Carter shivers. He wants to get out of the room, fast, but he has to ask Louie, “Why would R.E. want to knife me, man?”

“Wostachec's theory was you knew too many of Rear End's stories.” Louie laughs and gives Carter a brotherly slap on the arm. “Rear End. Maybe he made that name up, too. But, hey, man, the best part's you're alive, right? And sober, too, huh? Both
of us sober. It's a fucking miracle—oh, Jeanie's about to get us started here. Better get to my seat.”

Carter looks up as the woman who offered him cake steps to the lectern. She smiles and her eyes move back and forth across the room, sweeping up the group's attention before she calls, “All right, everybody. How about let's have a moment of silence for the alcoholic who still suffers, followed by the Serenity Prayer?”

In the foyer—to explain to himself his departure from the meeting hall—Carter knocks on the door to the rest room.
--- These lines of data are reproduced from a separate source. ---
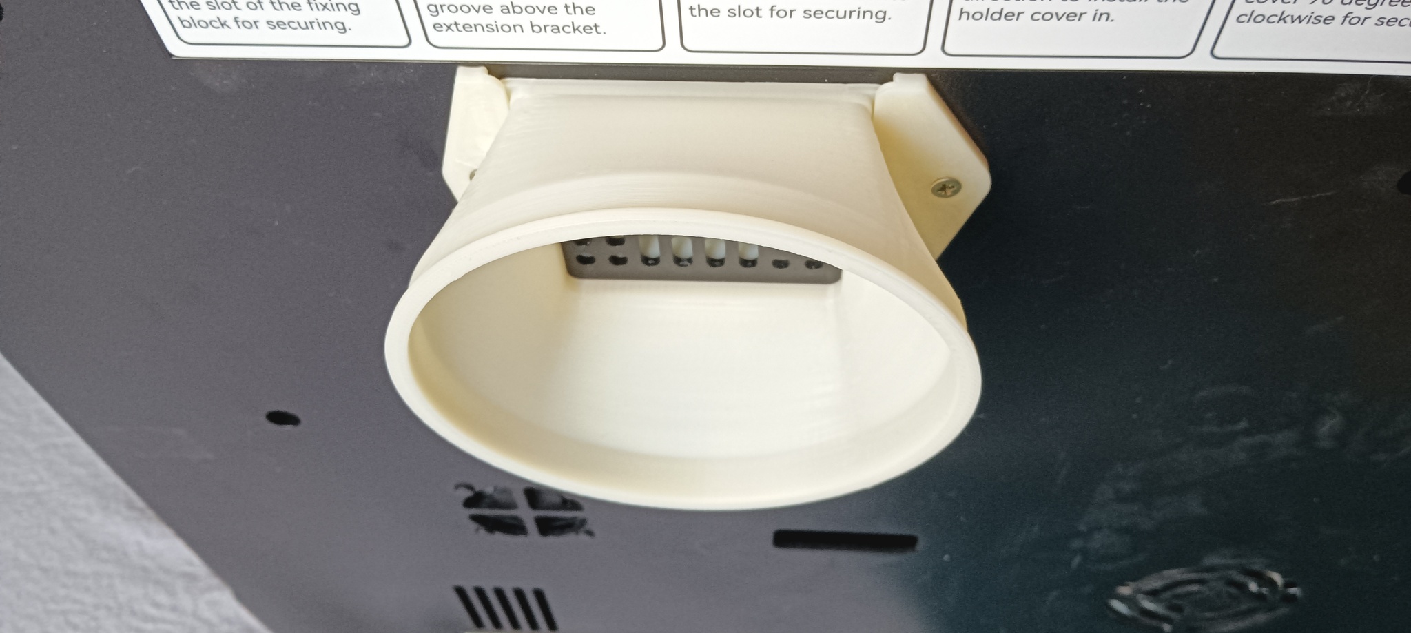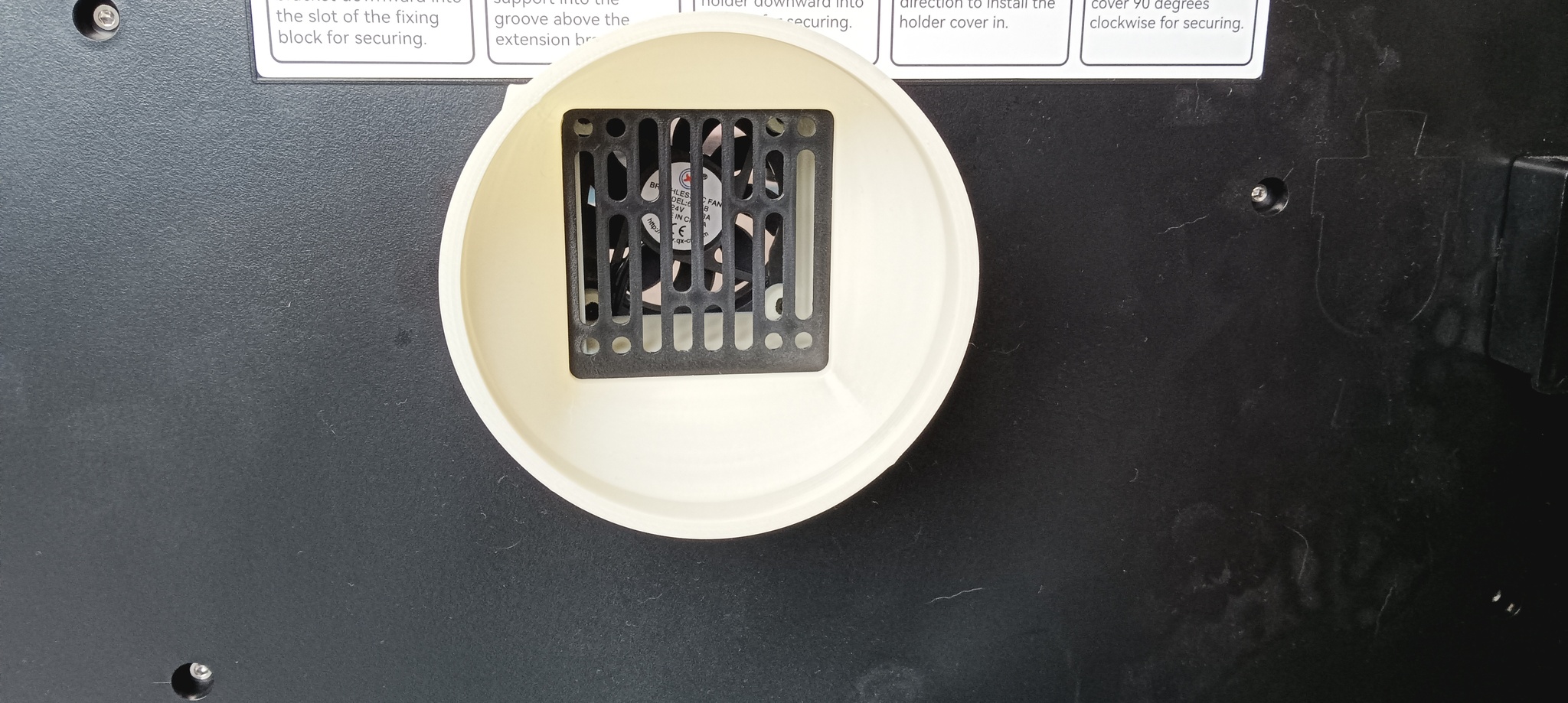 Далее в родные выемки ставится заранее распечатанное крепление адаптера (модельки лежат на printables) для вентиляции и прикручивается в штатных отверстия саморезами (пара 3*20мм).
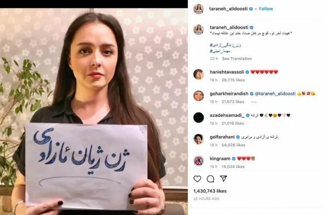 "Su nombre era Mohsen Shekari. Todas las organizaciones internacionales que ven este baño de sangre y no hacen nada son una verguenza para la humanidad", escribió Alidoosti. Según los medios iraníes, fue arrestada por no haber podido entregar "documentos que prueben sus reclamos". Su cuenta de Instagram, que tenía unos ocho millones de seguidores, fue suspendida desde entonces.
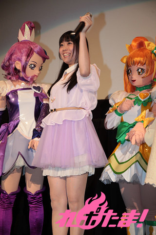 自ら演じたプリキュア戦士のキメゼリフと共に自己紹介し、満員に膨れ上がったファンからは拍手が上がった。
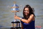 澳网决赛李娜夺冠后在澳大利亚墨尔本享受阳光沙滩,当地时间2014年1月26日,澳大利亚墨尔本,李娜手捧冠军奖杯拍摄澳网夺冠写真,女神味儿十足。
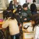 下の学年の子の個人カード書きのお手伝い。優しいお兄さんです。
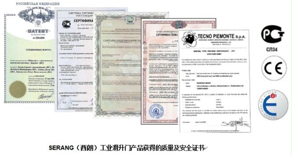 SERANG(西朗)工业滑升门产品获得的质量及安全证书
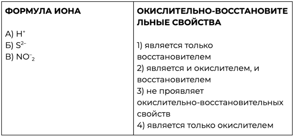 Установите соответствие между формулой иона и окислительно-восстановительными свойствами, которые он способен проявлять: к каждой позиции, обозначенной буквой, подберите соответствующую позицию, обозначенную цифрой.
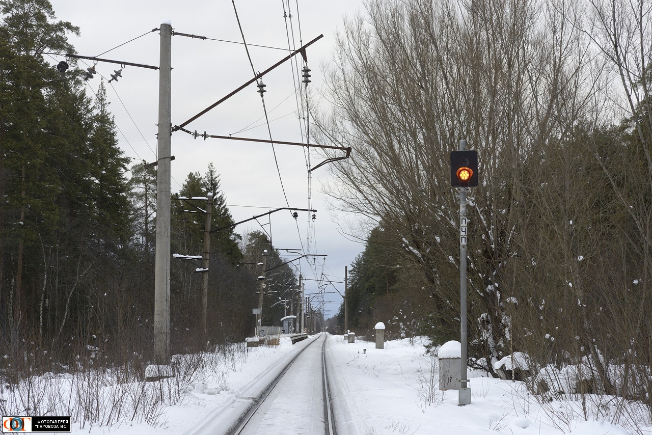 | Чётный предупредительный светофор ПЧП, перегон Посёлок - Вырица у Второй Платформы, Ленинградская обл. Автор: OldNick | Фото сделано 12.II.2022, опубликовано 24.II.2022.
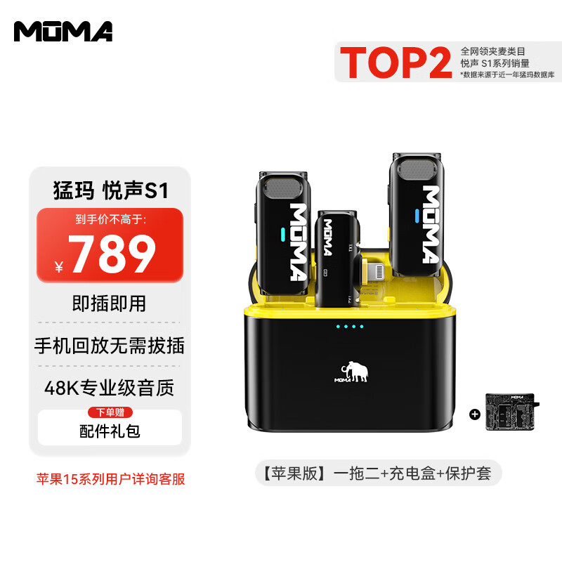 猛玛(MOMA)无线领夹麦克风猛犸悦声S1苹果版一拖二vlog采访户外降噪直播手机收音麦价格:789.00元!

No answer. Blindly, he tries the handle. When it does not turn, he leans against the foyer wall; paneling so thin it buckles beneath his weight, and he quickly stands straight once more.

Someone might smile over the ironies in all of this: how, after the accident, Carted wanted R.E. to kill him, but Carter could not even ask the favor of R.E., as Carter had knocked R.E. out. Perhaps the accident, in effect, saved Carter's life. But Carter has neither an eye nor an appetite for irony. He feels ill. And grief-stricken. And disloyal for even considering that his friend could be the one who knifed him and left him for dead. R.E. never made it through boot camp? Did that make everything he ever said to Carter a lie?

No. It was impossible that R.E. could have known all that he knew without having been there.

Several people enter the AA clubhouse while Carter stands outside the rest room. Some of them nod and greet Carter as they hurry into the meeting. “Going to join us?” asks a man of about his own age, and Carter nods: “Just waiting for the john.”

According to the foyer bulletin board, one of the AA groups is having a fifties party. Had. The flyer is out of date. Another flyer announces a benefit dance for scholarships for the children of police officers.

Carter glances back toward the meeting room. Louie Konigsberg waves and points to the empty chair beside him. Carter nods, mouths
just a minute.

“Hello, there, young fella!” An elderly man—smiling, wearing a sporty hat—steps into the foyer. “Hello,” Carter says, and—
as the man sets his hand on the knob of the rest room door—“That's occupied, sir.”

The man—hearing aid in each ear—does not register Carter's words, and he gives the door a tug. When it opens, he smiles back at Carter. “Were you waiting?” he asks, as he reaches inside to flick on the light.

“You go ahead,” Carter says, and he slips out of the clubhouse and into the parking lot as soon as the man pulls the door shut behind him.